TODO Take a screenshot of “Registered Datasets” in ML Studio showing that Bankmarketing dataset available

## Automated ML Experiment

<p>Run the experiment using  <em>Classification</em>, ensure <em>Explain best model</em> is checked. <br> On Exit criterion, reduce the default (3 hours) to 1 and reduce the <em>Concurrency </em> from default to 5 (this number should always be less than the number of the compute cluster) <br><br> Note: This process takes about 15 minutes and it runs about 5 minutes per iteration</p>


In [None]:
# create an experiment using Automated ML
from azureml.core import Workspace, Experiment
from azureml.train.automl import AutoMLConfig

ws = Workspace.get(name="quick-starts-ws-128192") # UPDATE THIS LINE WITH EACH NEW VM INSTANCE!
exp = Experiment(workspace=ws, name="udacity-project")

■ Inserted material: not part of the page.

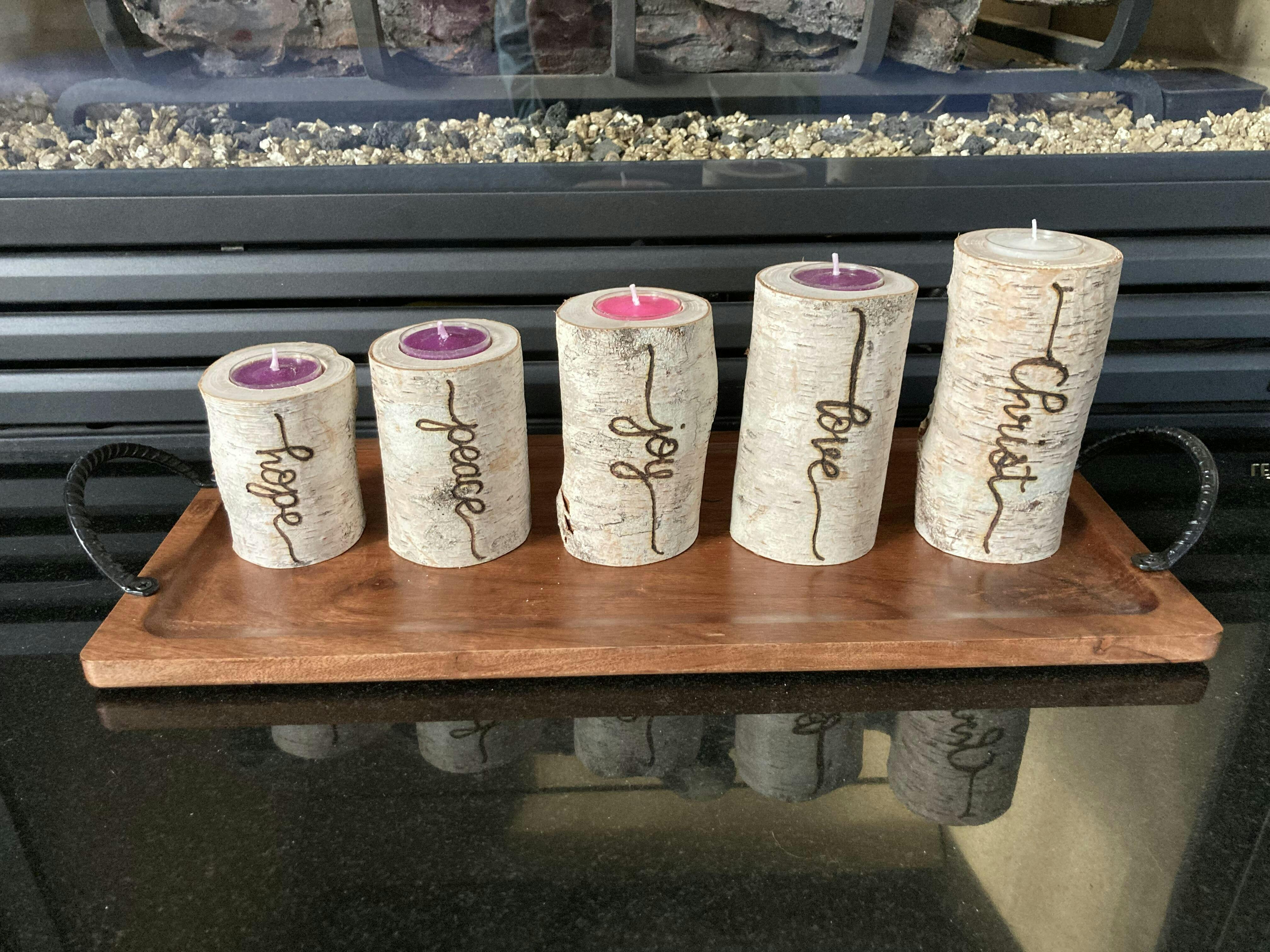 INCLUDES: This listing is for the wooden tray only. Candles and décor can be purchased separately.

print('Workspace name: ' + ws.name, 
      'Azure region: ' + ws.location, 
      'Subscription id: ' + ws.subscription_id, 
      'Resource group: ' + ws.resource_group, sep = '\n')

run = exp.start_logging()

# DONT FORGET TO CLICK THE LOGIN LINK!

# Set parameters for AutoMLConfig
# NOTE: DO NOT CHANGE THE experiment_timeout_minutes PARAMETER OR YOUR INSTANCE WILL TIME OUT.
# If you wish to run the experiment longer, you will need to run this notebook in your own
# Azure tenant, which will incur personal costs.
automl_config = AutoMLConfig(
    experiment_timeout_minutes=30,
    task="classification",
    primary_metric="accuracy",
    training_data=ds_clean,
    label_column_name="y",
    n_cross_validations=3)


# configure a compute cluster

# Create compute cluster "Standard_DS12_v2" and min number of nodes = 1
# https://docs.microsoft.com/en-us/azure/machine-learning/how-to-create-attach-compute-cluster?tabs=python

from azureml.core.compute import ComputeTarget, AmlCompute
from azureml.core.compute_target import ComputeTargetException

# Choose a name for your CPU cluster
cpu_cluster_name = "cpucluster"

# Verify that cluster does not exist already
try:
    cpu_cluster = ComputeTarget(workspace=ws, name=cpu_cluster_name)
    print('Found existing cluster, use it.')
except ComputeTargetException:
    compute_config = AmlCompute.provisioning_configuration(vm_size='STANDARD_D2_V2',
                                                           max_nodes=4)
    cpu_cluster = ComputeTarget.create(ws, cpu_cluster_name, compute_config)

cpu_cluster.wait_for_completion(show_output=True)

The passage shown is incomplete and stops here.